If I were to write a book about myself, it might start with a forward like this:
Depending on where you were born, your parents, community and culture will instill in you a general set of beliefs and behaviors. In my childhood, along the Mason-Dixon Line, the politics were slightly capitalist and Republican, and the religion was Christianity. My dad was not a committed church-goer while my mom was, and outside of church, God and Christ were rarely discussed. I didn’t get much of that from neighbors or school mates either. This afforded me room to be myself and think for myself, something I’m thankful for to this day. I had the chance to observe the world, compare and reflect on candidate explanations for these observations, and understand to a small degree why some explanations fit the data better than others, and should therefore be trusted more than others. I didn’t think of it in those terms, but that’s what was happening.
I remember a friend in high school who relayed to me that “Bible scholars” thought that Jesus was going to return in 1975 (am I dating myself?) I found it interesting, but it didn’t spur me into a religious fervor. I just watched and went on with my life.
That attitude - that religion is interesting but not essential - has more-or-less stuck with me my whole adult life. With the exception of one brief 6 or 8 month immersion in a Pentecostal church, I was one of the spiritual-but-not-religious types.
I’ve said elsewhere that a verse-by-verse reading of the Old Testament is what disabused me of the belief that the Bible was literally true. And if it’s not literally true, then a believer is left trying to understand the metaphors and allegories that it presents, or eventually comes to understand it as a culturally valuable myth. So after setting the Bible down and walking away, I retained a vague suspicion that there was an underlying supernatural basis for things that the Bible tried to convey. I started to understand religions of any sort as attempts to get down to underlying truths about reality. Maybe God was less a person and more a spirit, or he/she/it was the universe itself, or it didn’t exist at all, but a unifying substrate to apparent reality did. I gently glided across all those currents for over two decades without falling out of the boat and drowning in any one of them.

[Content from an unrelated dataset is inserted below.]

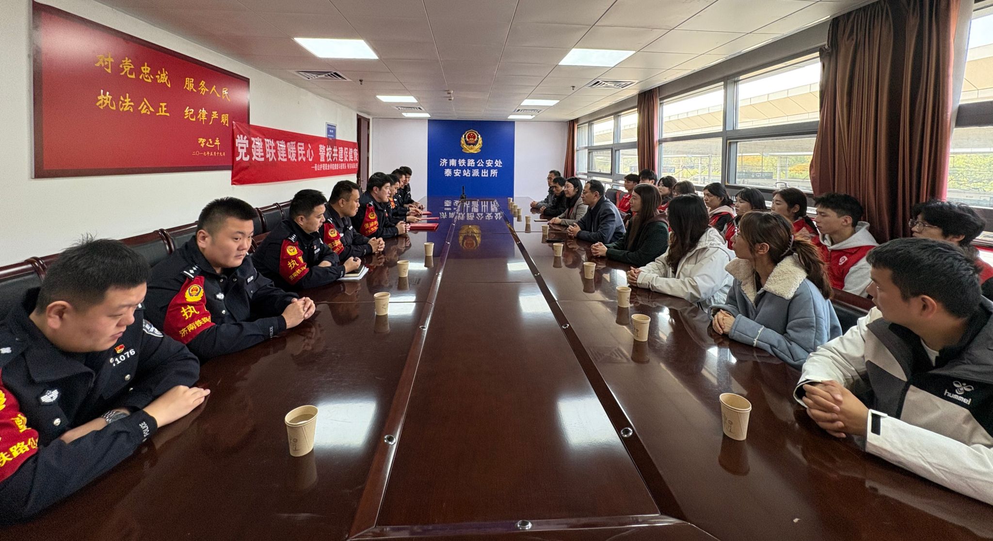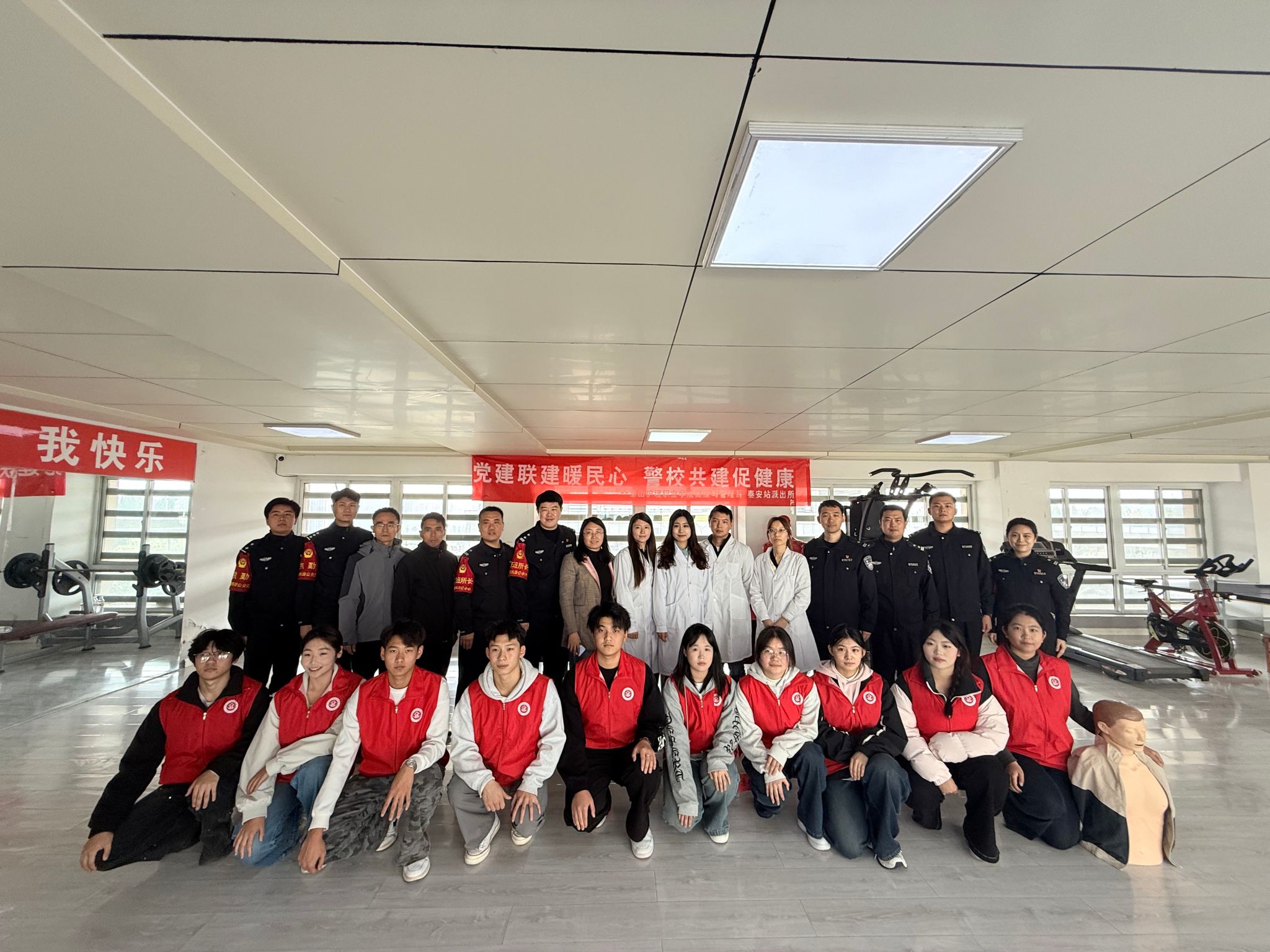 为深化党建引领作用,推动警校资源共享、优势互补,10月29日上午,健康与管理系与泰安站派出所联合开展“党建联建暖民心 警校共建促健康”主题活动,以专业服务传递关怀,以共建合作凝聚合力,让平安与健康同行。

Soon after 9/11, I began a serious look at how people use language to change people’s opinions about topics. At first - predictably - it was the war with the terrorists and the invasion or Iraq. Then it turned to general political matters, THEN to religion. So it hasn’t been more than 8 or 10 years since I’ve developed a more rigorous intellectual approach to the existence of gods, the costs and benefits of religions, a general world view of what reality is, and whether there’s anything beyond it that’s worth spending time thinking about.
On this journey, I’ve come to realize that people are a varying combination of intelligence, knowledge, education, independence, disposition, confidence and a whole lot of other factors that - before taking into account external influences - would lead them to believe or disbelieve in the existence of the supernatural. And I suspect that the combination of characteristics that create fertile ground for skepticism and non-belief, is rarer than not. When faced with conventional beliefs in god(s) that have been carried down by societies over the millennia, I understand how and why belief is more common than non-belief. But I'd like to help that change.